Now I continue running and am wondering how I am going to describe this ridiculous scenario to my Spark Friends.
Thanks for reading and have a great day.
Sunday, January 06, 2013
Had a pretty good Half Marathon this morning.
I decided to push a little harder on this race, but was careful to walk some intervals in the beginning, to warm up slowly and not get injured. I'm always cautious about getting injured. It just takes too long to recover, and I have a marathon coming up in a month, and that is my major priority right now.
The weather was great nice and cool in the beginning, but once the sun came out, I felt uncomfortable with it.
The first 10 miles were average pace of 9:20 or 9:40, But when I hit mile 10 I was getting tired and I started doing over 10mm for the last 3 miles.
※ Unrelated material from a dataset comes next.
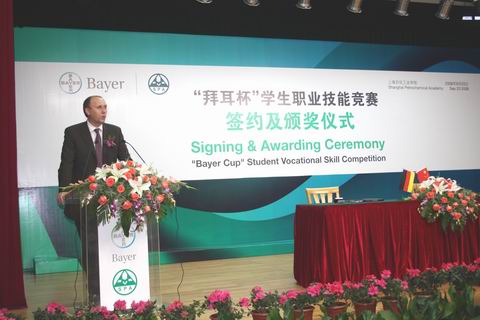 上海石化工业学校校长苏勇向出席仪式的嘉宾表示热烈欢迎,并向拜耳公司多年来给予我校的大力支持表示衷心的感谢。他说,这次双方联合举办“拜耳杯”学生职业技能竞赛是在新的形势下,校企双方开展的一种新的和更高层次上的合作办学,能够极大激发学生参与技能培训,提高个人的职业技能水平的热情,同时也为学校参与市教委组织的“星光计划”职业技能大赛打下良好的基础。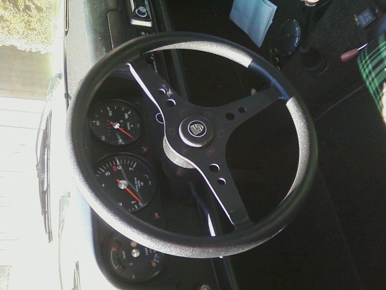 I searched everyware for Corinthian leather, No luck. http://en.wikipedia.org/wiki/Corinthian_leather So off to the auto parts store, and found , gheto swade. Otherwise known as spray bedliner. looks and feels fine for my driver. It looks freakin great (IMG:style_emoticons/default/w00t.gif) !!! because of the thin spokes your steering wheel would be a perfect candidate for 'wheelskins' leather covering!! They sell them on ebay in whatever color, grip and overall diameter! http://www.ebay.com/itm/Porsche-Cayman-Whe...=item256de2ec6b |

The race was on a fairly level road - an out and back course. But as y'all know the second half is a bit harder than the first. :)
I actually did well, time-wise. Even with the cautious start. I ended up with a 2:09:55 - just one minute and half over my PR.
There were only 7 guys in my AG, and I beat 5 of them and one of them beat me.
Okay, in case you're too lazy to do the math, I will tell you - I won a 2nd place award in my AG. I hope I don't drop it in tall grass, I might not be able to find it. I hope that doesn't sound ungrateful. I still like to win once in a while.
When they called my name, they mentioned my hometown, and some young lady was excited that she and I were both from 'Maitland'. While we chatted, I requested she take a pic of me. And there you see her effort above.
After only a year of running, this is all still new to me. Today I realised something. That is, every time I do a half marathon, it seems I have forgotten just how far 13.1 miles is.
Thanks for reading and have a great day.
Monday, December 31, 2012
New Year's resolutions are stupid. Who ever started this ridiculous concept? The idea is one is to vow to do something good next year. To start a good behavior or eliminate a bad behavior - because it is, after all, a NEW year coming up.
Stop smoking, start exercising, eat better quality food, be kinder to others - the list can go on and on.
I never understood this notion. Even when I was a little kid, I remember thinking. "What is so special about any given NEW year? If we want to do something differently, we can do it today or tomorrow, or one hour from now, or right now".
We humans can change for the better. All it takes is a little introspection, thought and determination.
What is it that's stopping you from living a better life? Think about the things which are doing that, and make an honest effort to alter or stop those bad behaviors.
If you use the 'New Year's Resolution' plan, you are destined for failure. Because the plan demands you make a resolution for the "new year" and stick to it. If you fail, you're done for.... until next year when you can try again. At least, that's the way I see the NYR plan.
With "The Boilham Resolution Plan" (okay wiser men than I have suggested the Boilham plan as well) you just honestly try to not continue with your bad habits.
Make your resolution any time of any day. If and when you stumble a bit, you pick yourself up, dust yourself off, and start all over again. No need to wait another year to do the resolution thing.
You can make a change for the better. Try it now.
Thanks for reading and have a great new year in 2013.